The parallel collections in Scala all have splitters and combiners through which the parallel algorithms are implemented in an uniform way.
Week 4: Data Structures for Parallel Computing
We saw that the Combiner
interface is a useful tool to
implementing parallel data structures in a unified way.
But how should we implement efficient combiners for the
most commonly used collections?
A combiner for sequences would implement the concatenation operation, while a combiner for sets/maps would implement union. However, arrays can’t be concatenated efficiently and most sets/maps take linear time for union.
Two-Phase Construction
To overcome these problems, most combiners use intermediate
data structures. In other words, such combiners
work in two phases. Firstly, they efficiently aggregate/combine
elements (i.e. using +=
and combine
) into the intermediate
data structure. Secondly, they efficiently convert from this
intermediate representation to target one (i.e. the Repr
type
parameter).
For example, the combiner for arrays
is implemented with an array list (i.e.
ArrayBuffer)
of array lists of the actual elements - i.e. ArrayBuffer[ArrayBuffer[T]]
.
When a new element is added (with +=
) to the
combiner, it appends it to the last list, which has
\( O(1) \) complexity. When two array combiners are
concatenated (with combine
) their lists of lists are concatenated.
This operation is linear with respect to the “outer lists”, but is on
average logarithmic with respect to the total number of elements
in the two collections. Finally, the underlying array lists
can be combined into an array in linear time. This could be further
improved by running the concatenation in parallel on multiple processors.
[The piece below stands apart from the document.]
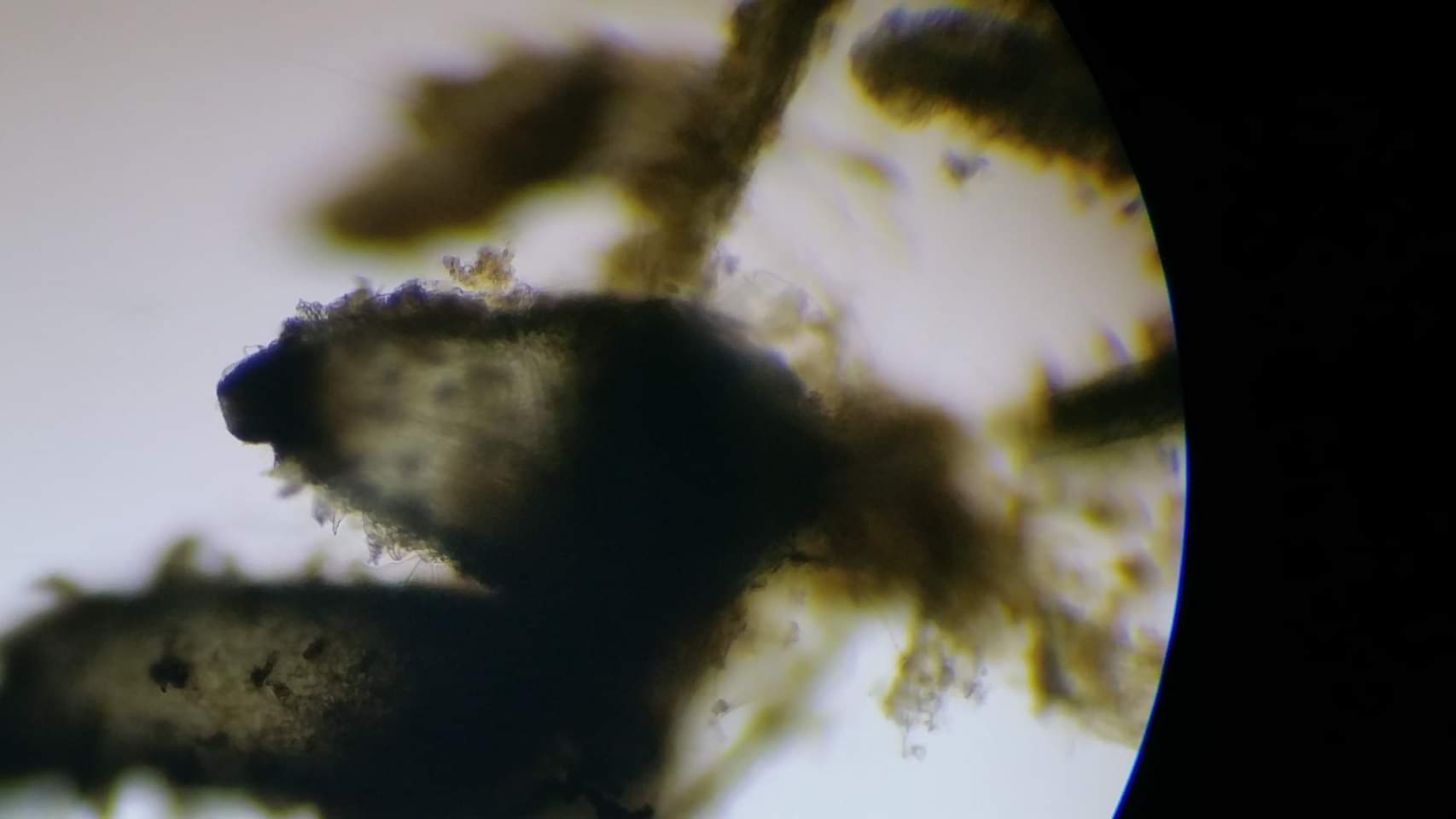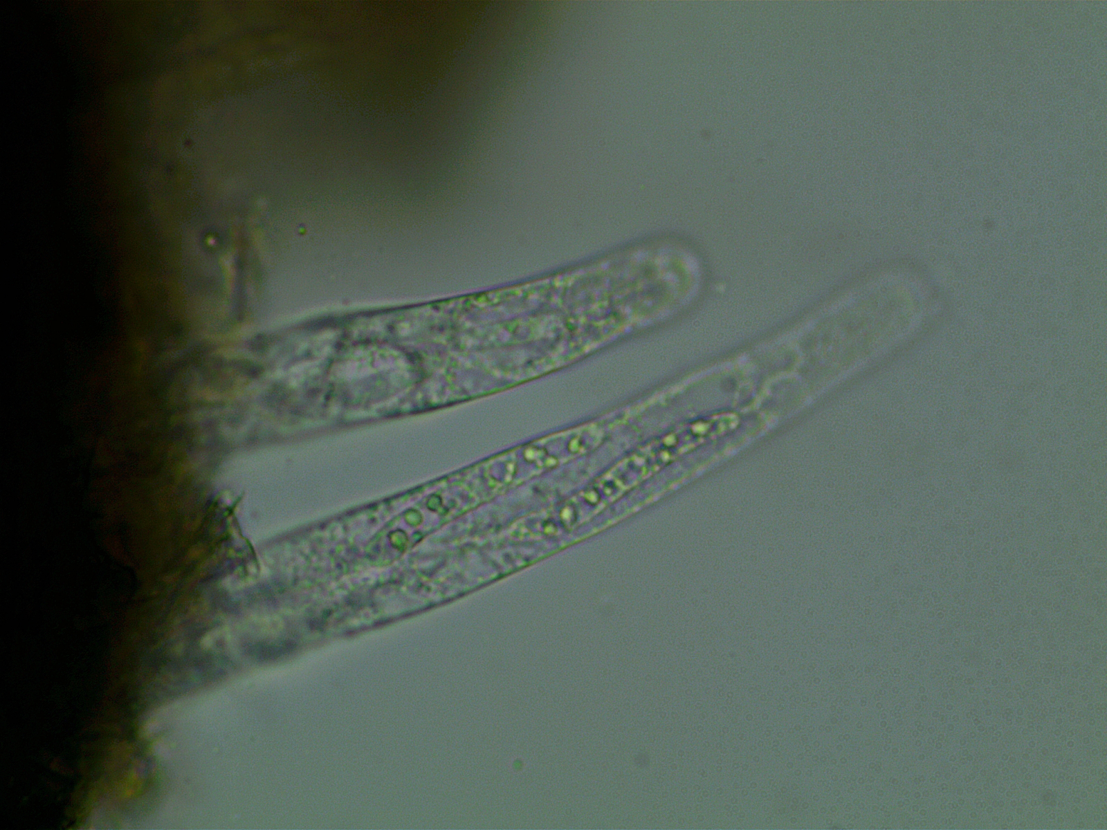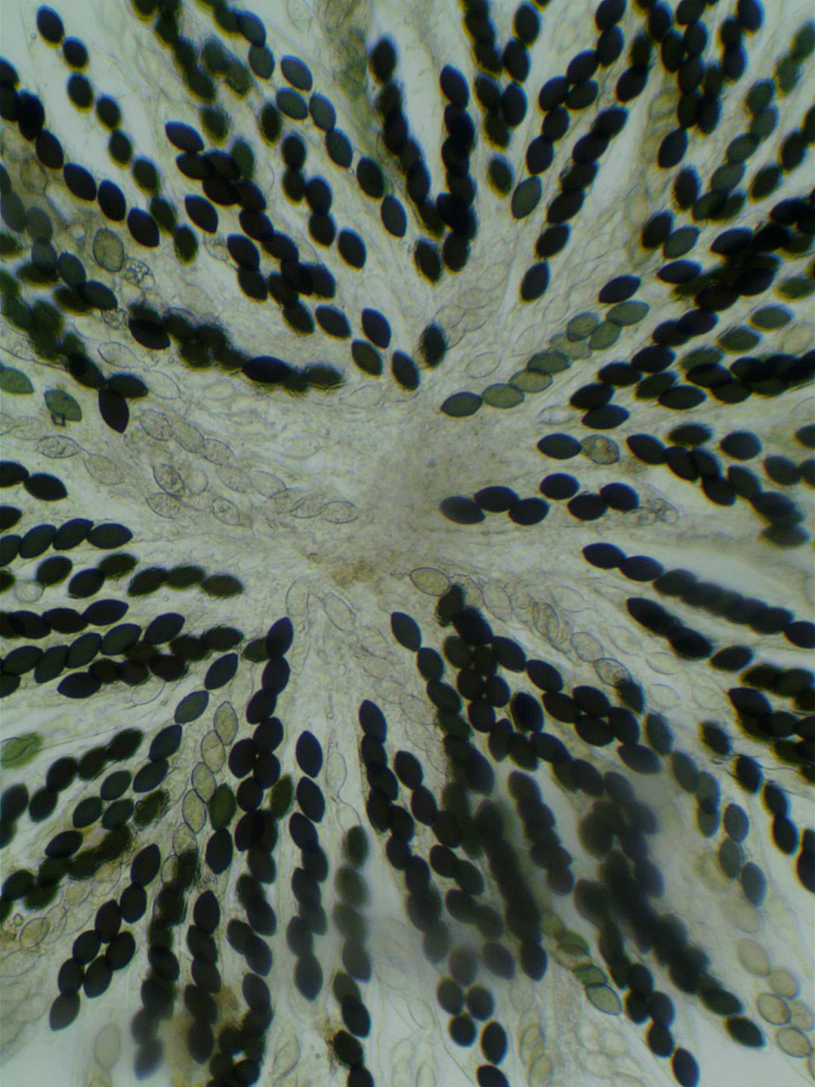 Zu achten wäre dann auf die Maße der Sporen( die bekommen reif noch einen dunklen Teil), deren Anhängsel (sieht man hier schon im Ersten Mikrobild (2 jpg)), und die Behaarung der Fruchtkörper.

Similarly, we can implement efficient combiners for hash sets and maps. We can partition the hash codes into buckets corresponding to integer ranges. This allows for the element addition and union can be implemented efficiently. Converting back to original collection takes linear time and is parallelisable.
Conc-Trees
We saw that we can implement efficient combiners for arrays, hash sets, and hash maps. But how about trees? If a tree is no balanced then running parallel operations on it can be challenging.
Conc-Trees are binary tree data structures with efficient addition and union operations that maintain its balanced form. It can be used to implement efficient combiners for arrays.